If AI tools will touch customer data, internal documents, finance/HR data, or trigger actions (emails, CRM updates, refunds, access changes), you should do an AI security review before launch—ideally while the workflow is still easy to change.
What are the biggest AI security risks for UK SMEs?
The big three are (1) accidental data leakage through prompts/uploads, (2) prompt injection and unsafe customer-facing bots, and (3) insecure connectors and permissions. Shadow AI and weak governance make all three worse.
How much does an AI security consultant cost in the UK?
Costs vary by scope. A focused assessment for a small number of tools/workflows is usually a fixed project; a wider programme (multiple systems, customer-facing AI, regulated data) is larger.
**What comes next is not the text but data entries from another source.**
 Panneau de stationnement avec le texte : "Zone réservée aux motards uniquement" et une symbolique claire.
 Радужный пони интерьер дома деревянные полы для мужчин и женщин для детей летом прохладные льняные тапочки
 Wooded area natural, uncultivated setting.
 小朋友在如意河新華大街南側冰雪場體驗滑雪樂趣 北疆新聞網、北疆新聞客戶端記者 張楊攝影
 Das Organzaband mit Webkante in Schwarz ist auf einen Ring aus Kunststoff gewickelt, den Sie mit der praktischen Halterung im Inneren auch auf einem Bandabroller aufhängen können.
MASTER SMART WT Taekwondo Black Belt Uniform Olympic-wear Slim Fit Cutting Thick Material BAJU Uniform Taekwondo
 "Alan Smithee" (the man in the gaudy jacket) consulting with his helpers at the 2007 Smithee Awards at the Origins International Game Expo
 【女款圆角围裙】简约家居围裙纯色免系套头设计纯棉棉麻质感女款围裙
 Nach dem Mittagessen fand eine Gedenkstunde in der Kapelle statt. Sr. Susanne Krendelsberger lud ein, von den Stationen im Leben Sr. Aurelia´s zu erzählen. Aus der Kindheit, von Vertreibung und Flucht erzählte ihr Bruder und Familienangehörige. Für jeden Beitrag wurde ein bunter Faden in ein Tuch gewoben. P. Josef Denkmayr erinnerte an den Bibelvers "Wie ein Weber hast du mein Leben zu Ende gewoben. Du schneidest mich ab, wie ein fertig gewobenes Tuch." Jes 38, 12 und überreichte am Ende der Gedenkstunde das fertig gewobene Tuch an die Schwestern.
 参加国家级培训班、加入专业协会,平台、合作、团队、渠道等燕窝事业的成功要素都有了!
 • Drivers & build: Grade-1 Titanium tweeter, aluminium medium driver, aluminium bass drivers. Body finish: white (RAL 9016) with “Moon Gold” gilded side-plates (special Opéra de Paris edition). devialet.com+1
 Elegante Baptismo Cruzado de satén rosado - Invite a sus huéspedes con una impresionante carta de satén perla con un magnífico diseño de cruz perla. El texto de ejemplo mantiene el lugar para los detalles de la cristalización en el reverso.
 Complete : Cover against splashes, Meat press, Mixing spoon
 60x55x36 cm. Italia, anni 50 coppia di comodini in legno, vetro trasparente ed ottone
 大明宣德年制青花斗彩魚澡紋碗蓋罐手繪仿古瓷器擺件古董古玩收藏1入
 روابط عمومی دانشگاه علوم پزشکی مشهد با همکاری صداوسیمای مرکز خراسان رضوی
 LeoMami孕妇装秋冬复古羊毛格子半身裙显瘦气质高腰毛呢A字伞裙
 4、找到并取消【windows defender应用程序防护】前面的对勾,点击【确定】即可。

Ask for a clear scope, deliverables, and a phased plan so you can start small and scale safely.
What should be in an AI usage policy?
Keep it short: approved tools, banned behaviours (pasting confidential data, sharing credentials), rules for customer data, guidance on citations/accuracy, and escalation steps when something looks wrong. Here’s ours: AI Usage Policy.
Does using AI create GDPR / UK GDPR issues?
It can. If personal data is processed by an AI tool, you still need lawful processing, purpose limitation, data minimisation, and appropriate security. The ICO’s UK GDPR guidance is a good starting point for principles and organisational responsibilities.[7]
References
Short list of reputable sources used for statistics and guidance (all links verified live on 28 December 2025).
- GOV.UK — Cyber security breaches survey 2025 (Updated 19 June 2025)
- IBM — Cost of a Data Breach Report 2025 (2025)
- Verizon — 2025 Data Breach Investigations Report (DBIR) Executive Summary (PDF) (2025)
- GOV.UK (DSIT) — AI Cyber Security Code of Practice (Published 31 January 2025)
- OWASP — OWASP Top 10 for LLM Applications 2025 (17 November 2024)
- NIST — AI Risk Management Framework (AI RMF 1.0) (PDF) (January 2023)
- Information Commissioner’s Office (ICO) — UK GDPR: Data protection principles (Accessed 28 December 2025)
Note: This article is for general information only and isn’t legal advice or a substitute for professional cyber security support. If you handle regulated or high-risk data, consult qualified security and legal professionals.